Our backyard sits on the Navesink River, where a number of small docks were severely damaged in the storm. The worst one is on the left, crumpled like a... really crappy nautical accordion. The one on the right seemed fine except for that newly created drawbridge that, you know, doesn't go down.

There was a downed tree in our backyard, along with some pieces-parts from aforementioned docks. The fence you see was significantly damaged, & the matching one on the other side of the yard  disappeared completely, leaving an open pathway from our backyard to the hotel next door.
 
 
These trees have definitely seen better days.

Part of this nearby boathouse toppled onto some of the boats nearby. I don't even know what kind of boats these are because I am an indoor kid. Kayaks, maybe? Whatever they are, I think they were originally stored in a boat rack of some sort, which was in pieces a few feet away.

Across the street, a billboard of some sort blew across the top of an apartment building, & the wind shredded it to pieces. At the time of this photo, its splintered wooden spine dangled precariously over people's decks.

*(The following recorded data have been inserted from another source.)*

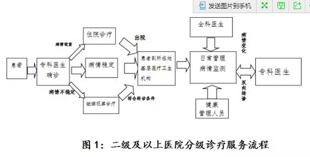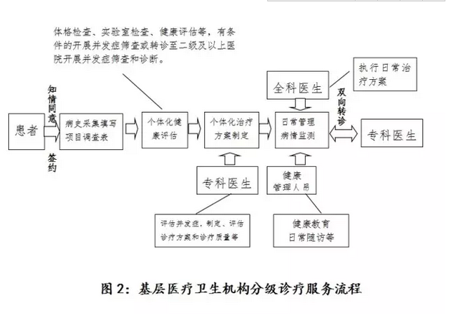 二级及以上医院负责疾病临床诊断,按照疾病诊疗指南与规范,制定个体化、规范化的治疗方案;实施患者年度专科体检,并发症筛查;指导、实施双向转诊;定期对基层医疗卫生机构医疗质量和医疗效果进行评估。其中,二级医院负责急症和重症患者的救治,对基层医疗卫生机构进行技术指导和业务培训。三级医院负责疑难复杂和急危重症患者的救治,对二级医院、基层医疗卫生机构进行技术指导和业务培训。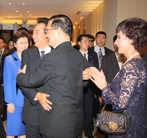 4日晚間,國民黨榮譽主席連戰在臺北國賓飯店宴請海協會會長陳云林一行。這是連戰與夫人在宴會廳入口迎接陳云林與夫人,兩位老朋友在臺灣熱情相擁。(田云鵬 攝)
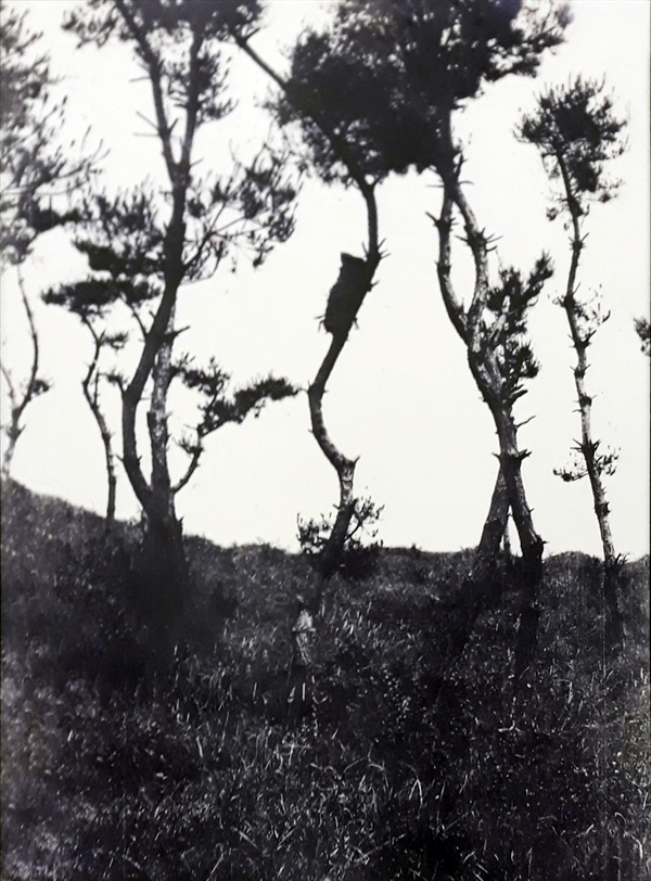 한국 서해 도서 지역에서 널리 행해졌던 수상장(樹上葬). 시신이 가마니로 싸여 나무 중간 즈음에 묶여있는 모습. 사진 전킨선교사기념사업회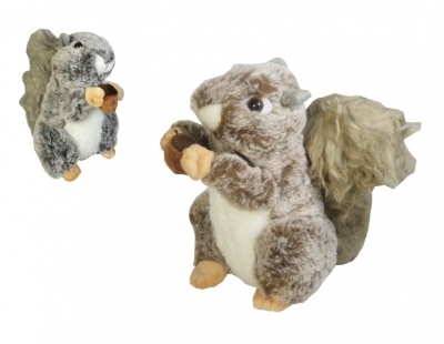 Pluszowa wiewiórka trzymająca orzeszka. Miękka maskotka o realistycznym wyglądzie, idealna do przytulania i zabawy. Podane wymiary są wymiarami maskotki.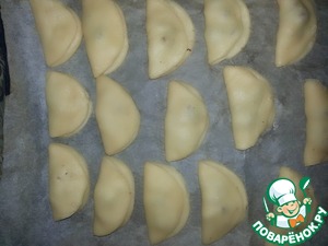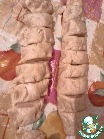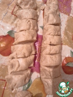 Раскатывпем тесто руками и делим пополам. Потом каждую режем на 9 равных кусочков. Получитья 18 штук
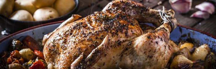 Потом обжарьте курицу со всех сторон на растительном масле, пока кожица не зарумянится и положите ее на противень. На той же сковороде притомите крупно нарезанные овощи: сельдерей, морковь и обычный лук. Обложите ими тушку курицы на противне, присыпьте тимьяном и запекайте в духовке при температуре 180 градусов около часа. Курица будет готова, когда из ее мясистых частей вроде бедра будет выделяться при прокалывании только прозрачный сок.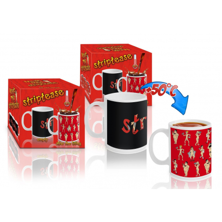 Le mug striptease pour femme est noir avec marqué striptease lorsqu'il est froid.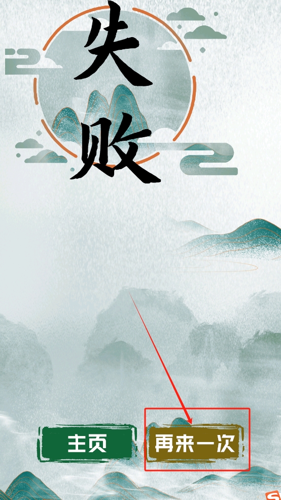 4、如果游戏挑战失败,点击“再来一次”按钮,重新尝试挑战。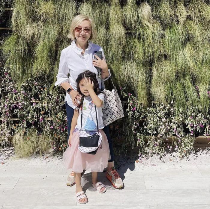 陈冠希的女儿和奶奶合影,Alaia梳着漂亮整洁的披肩发,白色T恤搭配粉色小纱裙,脖子上挂了好几个包包,十分可爱。大概是阳光太刺眼,也没给准备一副墨镜,Alaia用一只手遮挡自己的眼睛,热得笑不出来。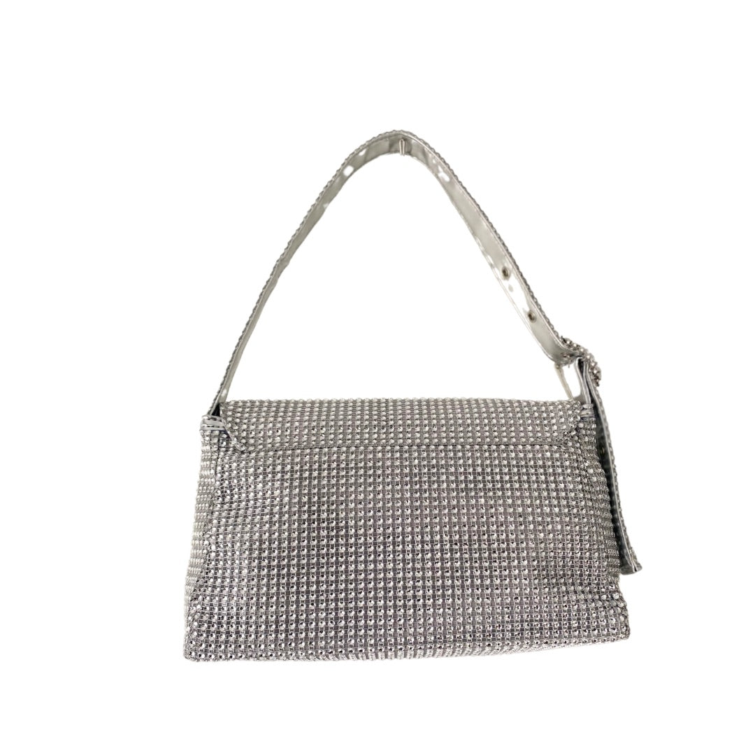 Add some bling to your style with this Diamanté Shoulder Bag in silver. The all-over mesh effect and designer inspired shape make it a wardrobe staple. The cute buckle strap detail and front flap add even more glam. You wont be able to help… Get Carrie-d away!

It wasn't just the billboard. Some other things were in places where they didn't belong, too.

Of course, nothing downtown was open yesterday, as nobody had power. A few places had taken pre-storm precautions & boarded or taped their windows, but there was very little visible damage to any of the storefronts.

This was actually the only instance of broken glass that we saw, where the large window of an empty storefront shattered all over the sidewalk. Weirdly, everything around it was intact. I guess nature knows no order.
 

Some of the worst damage we saw was on the road outside our apartment building , which was closed around a downed power line &... our neighbor's roof, which blew straight off their condo & into the street, atop a downed power line. See that picket fence on the left-hand side? Our cars are back there, & that's a dead-end road.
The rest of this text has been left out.